Problems with Intel MPI Feko execution for some hardware configurations.

Iakov Zhabitskiy
Iakov Zhabitskiy
Altair Employee
edited December 2022 in Altair HyperWorks

From Feko version 2022 a newer Intel MPI library 2021.2 is packaged instead of previous 2018.0.

The 2021.2 IMPI version has an advanced mechanism for automatic identification of available hardware and fabrics. It allows to achieve the best possible performance for each specific hardware configuration.

Some side effects have been observed after this change:

  1. Feko does not start and there are MPI library errors about UCX and/or fabrics.
  2. Feko hangs during execution (usually during LU factorisation computation, but at some other stages of computation it can happen as well). Observed only for Linux clusters with InfiniBand.
  3. Feko simultation (over multiple frequencies) runs out of memory during the `Backward substitution for FEM coupling matrix` phase.
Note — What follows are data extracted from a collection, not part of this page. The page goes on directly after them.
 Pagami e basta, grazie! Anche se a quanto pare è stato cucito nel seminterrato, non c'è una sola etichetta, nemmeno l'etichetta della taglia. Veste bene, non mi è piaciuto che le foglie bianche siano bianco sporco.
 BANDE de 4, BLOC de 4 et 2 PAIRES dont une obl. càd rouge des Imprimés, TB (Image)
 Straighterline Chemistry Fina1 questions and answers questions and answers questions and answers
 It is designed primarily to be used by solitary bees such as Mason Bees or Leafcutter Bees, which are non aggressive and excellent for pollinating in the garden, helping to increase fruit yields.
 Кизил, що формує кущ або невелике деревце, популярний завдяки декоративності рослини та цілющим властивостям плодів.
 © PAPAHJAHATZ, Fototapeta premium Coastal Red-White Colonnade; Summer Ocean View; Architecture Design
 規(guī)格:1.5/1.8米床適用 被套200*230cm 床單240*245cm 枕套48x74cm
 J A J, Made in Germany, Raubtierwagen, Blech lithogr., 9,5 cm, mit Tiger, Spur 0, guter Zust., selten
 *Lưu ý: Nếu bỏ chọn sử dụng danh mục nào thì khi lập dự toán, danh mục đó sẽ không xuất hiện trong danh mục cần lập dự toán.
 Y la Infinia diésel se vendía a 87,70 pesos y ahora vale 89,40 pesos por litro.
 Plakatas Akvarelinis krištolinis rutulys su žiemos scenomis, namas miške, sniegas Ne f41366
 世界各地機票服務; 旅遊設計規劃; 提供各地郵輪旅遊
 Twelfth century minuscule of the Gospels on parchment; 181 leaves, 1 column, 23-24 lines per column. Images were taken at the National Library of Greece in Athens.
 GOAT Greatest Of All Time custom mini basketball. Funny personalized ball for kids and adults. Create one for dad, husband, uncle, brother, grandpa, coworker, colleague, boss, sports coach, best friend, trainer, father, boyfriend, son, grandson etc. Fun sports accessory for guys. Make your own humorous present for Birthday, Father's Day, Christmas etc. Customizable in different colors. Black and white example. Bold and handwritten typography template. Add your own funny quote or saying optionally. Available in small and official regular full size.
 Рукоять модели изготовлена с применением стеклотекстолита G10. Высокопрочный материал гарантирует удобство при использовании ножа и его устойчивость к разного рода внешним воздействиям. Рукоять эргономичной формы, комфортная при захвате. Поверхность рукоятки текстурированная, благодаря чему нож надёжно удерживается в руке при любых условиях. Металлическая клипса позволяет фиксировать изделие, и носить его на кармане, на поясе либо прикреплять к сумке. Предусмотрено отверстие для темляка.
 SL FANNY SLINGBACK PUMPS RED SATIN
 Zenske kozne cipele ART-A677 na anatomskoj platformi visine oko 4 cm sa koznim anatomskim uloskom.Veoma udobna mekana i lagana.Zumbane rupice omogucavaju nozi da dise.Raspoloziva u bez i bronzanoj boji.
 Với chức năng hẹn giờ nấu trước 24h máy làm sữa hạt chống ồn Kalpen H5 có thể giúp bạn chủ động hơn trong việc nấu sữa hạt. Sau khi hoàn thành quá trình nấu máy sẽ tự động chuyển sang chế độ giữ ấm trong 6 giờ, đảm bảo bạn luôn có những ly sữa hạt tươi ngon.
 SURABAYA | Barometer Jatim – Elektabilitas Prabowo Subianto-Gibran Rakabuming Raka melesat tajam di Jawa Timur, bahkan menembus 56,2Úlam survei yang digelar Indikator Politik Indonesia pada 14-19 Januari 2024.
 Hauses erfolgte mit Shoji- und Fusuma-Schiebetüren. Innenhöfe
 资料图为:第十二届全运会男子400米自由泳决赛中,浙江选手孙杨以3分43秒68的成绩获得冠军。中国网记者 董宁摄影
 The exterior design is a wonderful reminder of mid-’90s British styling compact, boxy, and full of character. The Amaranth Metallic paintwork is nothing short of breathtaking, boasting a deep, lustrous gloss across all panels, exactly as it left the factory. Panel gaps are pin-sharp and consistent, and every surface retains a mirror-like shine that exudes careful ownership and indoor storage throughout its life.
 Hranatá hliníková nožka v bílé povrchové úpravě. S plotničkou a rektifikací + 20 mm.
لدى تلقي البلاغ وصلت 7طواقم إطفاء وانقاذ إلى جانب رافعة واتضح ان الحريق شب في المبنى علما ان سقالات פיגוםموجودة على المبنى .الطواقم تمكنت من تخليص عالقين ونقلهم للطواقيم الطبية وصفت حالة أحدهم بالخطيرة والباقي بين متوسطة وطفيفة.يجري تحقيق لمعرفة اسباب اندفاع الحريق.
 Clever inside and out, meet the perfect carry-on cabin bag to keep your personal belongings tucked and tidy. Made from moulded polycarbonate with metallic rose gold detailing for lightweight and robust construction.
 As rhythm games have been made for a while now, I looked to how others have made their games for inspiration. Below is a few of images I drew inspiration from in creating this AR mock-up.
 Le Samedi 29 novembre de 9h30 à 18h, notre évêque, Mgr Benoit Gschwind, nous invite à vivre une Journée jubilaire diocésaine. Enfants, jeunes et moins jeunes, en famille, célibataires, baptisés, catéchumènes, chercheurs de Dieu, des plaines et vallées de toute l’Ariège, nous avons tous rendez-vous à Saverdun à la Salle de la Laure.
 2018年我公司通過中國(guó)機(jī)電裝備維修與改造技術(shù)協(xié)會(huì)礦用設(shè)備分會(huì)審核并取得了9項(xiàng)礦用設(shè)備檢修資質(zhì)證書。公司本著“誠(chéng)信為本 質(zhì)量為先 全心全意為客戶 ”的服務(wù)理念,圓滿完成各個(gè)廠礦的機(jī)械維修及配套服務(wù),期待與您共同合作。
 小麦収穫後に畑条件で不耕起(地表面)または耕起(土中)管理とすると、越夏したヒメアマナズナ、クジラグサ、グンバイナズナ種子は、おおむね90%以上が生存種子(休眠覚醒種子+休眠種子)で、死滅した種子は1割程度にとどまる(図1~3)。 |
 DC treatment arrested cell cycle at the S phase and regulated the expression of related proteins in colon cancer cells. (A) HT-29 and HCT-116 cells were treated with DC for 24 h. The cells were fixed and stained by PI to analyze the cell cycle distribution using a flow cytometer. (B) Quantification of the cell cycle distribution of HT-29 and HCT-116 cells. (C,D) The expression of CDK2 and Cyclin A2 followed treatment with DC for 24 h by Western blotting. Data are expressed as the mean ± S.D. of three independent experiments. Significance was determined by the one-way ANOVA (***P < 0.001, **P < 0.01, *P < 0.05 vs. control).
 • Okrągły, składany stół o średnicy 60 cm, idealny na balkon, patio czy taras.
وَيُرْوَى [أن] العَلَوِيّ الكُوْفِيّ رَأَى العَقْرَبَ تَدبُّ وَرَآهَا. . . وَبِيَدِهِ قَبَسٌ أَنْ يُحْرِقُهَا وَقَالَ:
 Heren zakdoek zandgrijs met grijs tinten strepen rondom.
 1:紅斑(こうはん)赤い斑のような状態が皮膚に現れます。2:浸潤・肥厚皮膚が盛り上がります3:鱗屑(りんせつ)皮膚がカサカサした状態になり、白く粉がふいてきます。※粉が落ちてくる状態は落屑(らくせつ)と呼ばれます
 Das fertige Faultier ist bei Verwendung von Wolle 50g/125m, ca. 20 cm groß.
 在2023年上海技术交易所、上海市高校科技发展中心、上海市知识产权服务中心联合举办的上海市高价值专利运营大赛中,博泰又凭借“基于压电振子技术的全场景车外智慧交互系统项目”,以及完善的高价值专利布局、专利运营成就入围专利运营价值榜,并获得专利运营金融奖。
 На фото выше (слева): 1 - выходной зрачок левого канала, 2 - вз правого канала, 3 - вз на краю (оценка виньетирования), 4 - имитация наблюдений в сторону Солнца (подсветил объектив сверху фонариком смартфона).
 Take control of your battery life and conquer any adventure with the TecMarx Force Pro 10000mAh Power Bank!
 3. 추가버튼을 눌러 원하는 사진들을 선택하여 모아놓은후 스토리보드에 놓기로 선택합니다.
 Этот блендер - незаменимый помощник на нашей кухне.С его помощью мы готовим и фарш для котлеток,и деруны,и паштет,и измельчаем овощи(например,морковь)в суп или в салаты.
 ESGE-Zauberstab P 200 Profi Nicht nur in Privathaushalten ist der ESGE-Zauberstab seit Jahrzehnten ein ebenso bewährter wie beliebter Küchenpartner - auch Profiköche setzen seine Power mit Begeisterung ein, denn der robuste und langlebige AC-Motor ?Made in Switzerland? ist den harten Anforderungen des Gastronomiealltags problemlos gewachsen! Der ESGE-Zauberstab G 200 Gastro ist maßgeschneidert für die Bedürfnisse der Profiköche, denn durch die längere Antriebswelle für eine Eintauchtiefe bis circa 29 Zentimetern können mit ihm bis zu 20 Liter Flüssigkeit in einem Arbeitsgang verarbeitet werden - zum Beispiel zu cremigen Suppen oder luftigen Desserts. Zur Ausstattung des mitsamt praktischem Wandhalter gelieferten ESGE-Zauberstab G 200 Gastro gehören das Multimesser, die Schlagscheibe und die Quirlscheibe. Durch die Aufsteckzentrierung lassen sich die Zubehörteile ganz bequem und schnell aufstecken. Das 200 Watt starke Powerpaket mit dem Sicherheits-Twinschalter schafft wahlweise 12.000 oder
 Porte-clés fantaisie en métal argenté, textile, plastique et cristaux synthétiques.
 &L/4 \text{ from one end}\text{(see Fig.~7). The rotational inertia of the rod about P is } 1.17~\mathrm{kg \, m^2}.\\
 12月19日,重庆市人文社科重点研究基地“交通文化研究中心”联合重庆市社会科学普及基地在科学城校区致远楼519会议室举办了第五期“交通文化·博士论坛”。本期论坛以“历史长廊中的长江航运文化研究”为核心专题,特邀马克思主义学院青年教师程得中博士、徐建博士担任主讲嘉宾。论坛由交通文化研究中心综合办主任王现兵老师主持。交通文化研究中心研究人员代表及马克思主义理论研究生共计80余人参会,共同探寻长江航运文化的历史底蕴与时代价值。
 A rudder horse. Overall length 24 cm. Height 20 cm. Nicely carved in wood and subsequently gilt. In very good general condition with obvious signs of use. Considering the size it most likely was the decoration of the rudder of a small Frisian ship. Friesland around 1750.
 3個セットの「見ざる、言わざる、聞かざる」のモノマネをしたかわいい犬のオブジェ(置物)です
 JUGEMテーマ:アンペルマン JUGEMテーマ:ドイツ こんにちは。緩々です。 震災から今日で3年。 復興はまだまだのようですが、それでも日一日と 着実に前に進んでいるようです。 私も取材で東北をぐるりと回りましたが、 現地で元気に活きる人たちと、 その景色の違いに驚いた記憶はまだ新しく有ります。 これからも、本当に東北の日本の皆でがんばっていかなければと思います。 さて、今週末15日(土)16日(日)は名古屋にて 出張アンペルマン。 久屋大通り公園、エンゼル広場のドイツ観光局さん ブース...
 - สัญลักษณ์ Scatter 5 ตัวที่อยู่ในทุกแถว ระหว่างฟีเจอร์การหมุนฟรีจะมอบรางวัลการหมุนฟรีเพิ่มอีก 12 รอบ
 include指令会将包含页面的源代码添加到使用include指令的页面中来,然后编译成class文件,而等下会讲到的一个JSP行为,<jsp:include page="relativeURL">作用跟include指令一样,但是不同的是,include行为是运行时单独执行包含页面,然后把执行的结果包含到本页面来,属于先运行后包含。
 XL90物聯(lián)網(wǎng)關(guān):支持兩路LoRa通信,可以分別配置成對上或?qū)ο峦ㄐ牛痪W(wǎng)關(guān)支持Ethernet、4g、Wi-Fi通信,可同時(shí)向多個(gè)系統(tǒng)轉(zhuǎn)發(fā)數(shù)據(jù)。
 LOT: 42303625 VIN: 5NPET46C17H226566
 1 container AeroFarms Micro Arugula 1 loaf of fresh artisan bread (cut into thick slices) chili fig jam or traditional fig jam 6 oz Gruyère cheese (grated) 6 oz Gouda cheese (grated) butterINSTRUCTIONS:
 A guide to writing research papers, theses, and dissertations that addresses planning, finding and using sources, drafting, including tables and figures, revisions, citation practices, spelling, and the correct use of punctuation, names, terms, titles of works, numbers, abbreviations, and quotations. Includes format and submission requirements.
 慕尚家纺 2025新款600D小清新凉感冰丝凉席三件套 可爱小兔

Observed for both Windows and Linux systems on some hardware configurations.

The first problem can be fixed by updating fabrics related drivers: new IMPI version relies on some mechanisms which are not available in old driver versions.

The second and third problems have different root causes, but can be avoided by setting environment variable I_MPI_FABRICS=ofi.

Important note: do not set the I_MPI_FABRICS environment variable by default, since it can cause bad performance of parallel Feko runs.